Local OOR detection#
In this tutorial, we will go through the methods for local OOR detection. We recommend that users first read the Introduction to Global and Local OOR Detection section and then choose the method that best suits their needs. Here, we use a preprocessed pseudo-disease dataset as an example.
[27]:
## load epipack package
# !pip install --upgrade epipackpy
import scanpy as sc
import numpy as np
import pandas as pd
import epipackpy as epk
print(epk.__version__)
1.0.1dev4
[8]:
import seaborn as sns
import warnings
warnings.filterwarnings("ignore")
sc.set_figure_params(figsize=(6, 6), frameon=False)
sns.set_theme()
Load the simulated data.
[3]:
A_sim_ = sc.read_h5ad("Fig5_experiment/pbmc_local_oor_detection_result.h5ad")
Please make sure your data also include an obs column named “dataset_group”, in which it contains “query” and “atlas” labels.
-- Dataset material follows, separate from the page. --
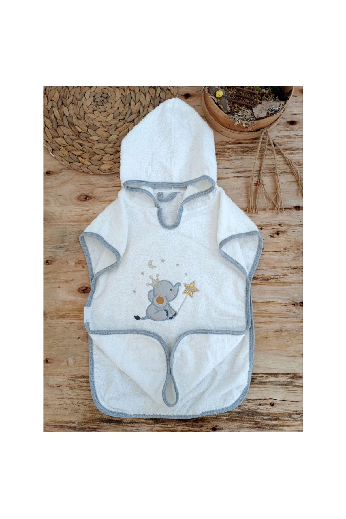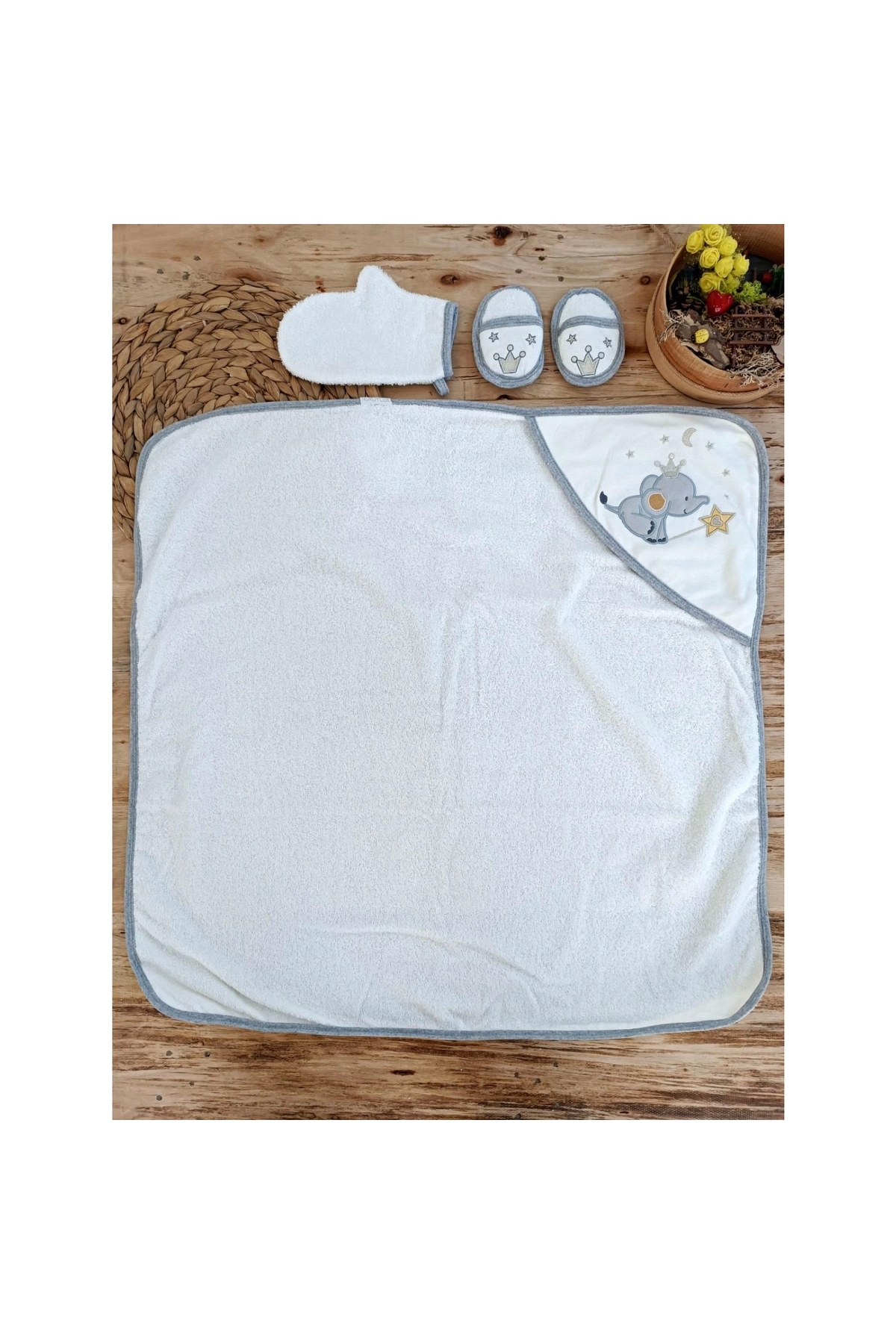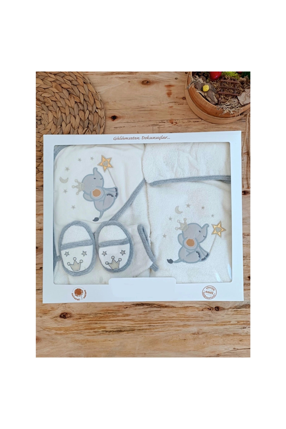 Natural Anti Allergic; Made from 100% cotton fabric.; It does not harm the skin with its soft texture.; All parts that come into contact with the baby's skin are made of cotton; It is made of special blend cotton fabric that provides high water absorbency.; Can be used between 0-1 years old.; BOX CONTENTS;; 1-Hooded Bathrobe 2-Hooded Bath Towel 3-Slippers 4-Bath Washcloth

This can be easily added by using
REF_DATASET.obs['dataset_group'] = 'atlas'
QUUERY_DATASET.obs['dataset_group'] = 'query'
before integration with the query.
[5]:
#dataset.obs['dataset_group']
A_sim_.obs['dataset_group']
[5]:
AAACGAAAGACGTCAG-1 query
AAACGAAAGATTGACA-1 query
AAACGAAAGGGTCCCT-1 query
AAACGAACAATTGTGC-1 query
AAACGAACACTCGTGG-1 query
...
TTTGTGTTCGGTACGC-1 atlas
TTTGTGTTCTAATCCT-1 atlas
TTTGTTGGTAAGGTTT-1 atlas
TTTGTTGGTTAGGATT-1 atlas
TTTGTTGGTTTGGGCG-1 atlas
Name: dataset_group, Length: 33307, dtype: category
Categories (2, object): ['atlas', 'query']
Here we first visualization our simulated dataset. The OOR state shows the simulated local OOR cells. Please see our paper for data simulation method.
[9]:
sc.pp.neighbors(A_sim_, n_neighbors=50, use_rep='z_ref')
sc.tl.umap(A_sim_)
#sc.tl.leiden(tmp, resolution=1.5)
sc.pl.umap(A_sim_, color=['cell_type_new', 'batch_id',"OOR_state"], ncols=2, wspace=0.6)
Here we can find that CD14 Monocytes and NK cells both include simulated OOR shifted cell states (batch 1 and 2 are query). Next, we train the local OOR detector.
[10]:
Z = A_sim_.obsm['z_ref']
y = (A_sim_.obs['dataset_group'].values == 'query').astype(int)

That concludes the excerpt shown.